Todd’s Grand Meteorological Scheme

Todd started his working life as an astronomer and as a number of his professional contemporaries, he progressed from looking at the heavens to observing the weather to then forecasting the weather. Like the smart Victorian scientists of his time, Todd’s interests were very wide, but his special gift was his capacity for organisation.  He was able to see the possibilities and pull together the resources to enact grand schemes.  Nothing better illustrates this than his first letter to the editor of the Register soon after arriving in the dusty colony of 17,000 South Australians in 1855. In it, Todd laid out a precise plan for building a continent-wide meteorological network that would rival any other in the world.  From scratch, this required the building of telegraph networks across vast areas that Europeans had not even explored.  He stated the need for precision instruments and their trained observers to be placed where settlements were many hundreds of kilometres distant and technological support was non-existent.  Additionally, his continental system required a high degree of cooperation where governments of the 6 colonies acted like separate countries. Any betting person would have dismissed this 28-year-old as an innocent dreamer, yet 30 years later, Todd’s work in surveying, astronomy, telegraphy, horology, electrical engineering and the post office came together to establish the network, one he dreamed of in his candlelit study soon after arriving in the new colony.  By 1883, at his West Terrace Observatory, Todd and a few staff were drawing synoptic weather charts that we would recognise on our televisions today.  They covered such vast distances, Perth to Auckland, Darwin to Hobart, that they eclipsed the American and European charts of the day.  His meteorological network was in many ways the result of his other endeavours, for without them he would not have had the communication systems and the electrical power to run them, nor the engineering precision of his instruments, nor the precise timing and the trained manpower to make the required observations that enabled the production of synoptic charts and weather forecasts daily.
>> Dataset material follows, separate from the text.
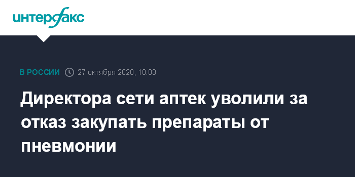 Директора сети аптек уволили за отказ закупать препараты от пневмонии
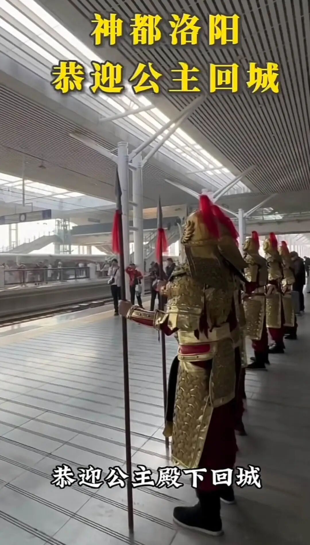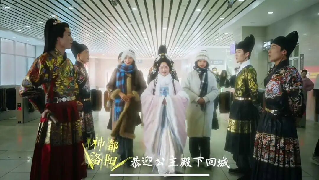 洛阳文旅派出古装美男在高铁站接驾。

19th Century Meteorology – Its Impact

We cannot underestimate the impact meteorology had on the inhabitants of Europe, America and Australia.  Before Todd’s contemporaries, the weather was something that happened locally and seasonally.  As a settler, the experience of rain may have stretched as far as a horse ride away, say 100 kilometres.  Beyond that, the news did not travel fast and shared weather shared with the country and inter-colonial citizens were not considered.  Also, the weather was a seasonal event, with rain a winter experience and dry a summer certainty in South Australia.  What happened in another colony was of little practical consequence and only dimly realised. However, this localised world was challenged by the geographic breadth of Todd’s synoptic maps.  They would have been beyond the comprehension of the mid-nineteenth century residents of the seven colonies.  The distance from Perth to Auckland on Todd’s maps is 5335 kilometres, not much less than London to Kabul in Afghanistan, an incomprehensible distance to citizens of Europe and their colonial cousins, a population bound by horse and cart and the occasional train ride.  But the audacity of the distance shown in these maps was amplified as they were overlayed daily by weather data drawn from the time-synchronised observations of dozens of observers made possible by the new telegraph systems.  Both space and time dimensions of the weather systems were revolutionary in mid-Victorian times.  Today, we can see this revolution unfold in the daily weather maps drawn by Todd and his staff from 1878 to 1909. Weather systems affecting Perth on Monday could be in Adelaide by Wednesday and Melbourne the next day.  The rapidity of change and the vast distances covered were laid bare by modern meteorology as Todd’s synoptic charts were posted daily for public consumption. In its own way, these consecutive charts showed how integrated the separate colonies of southern Australia were.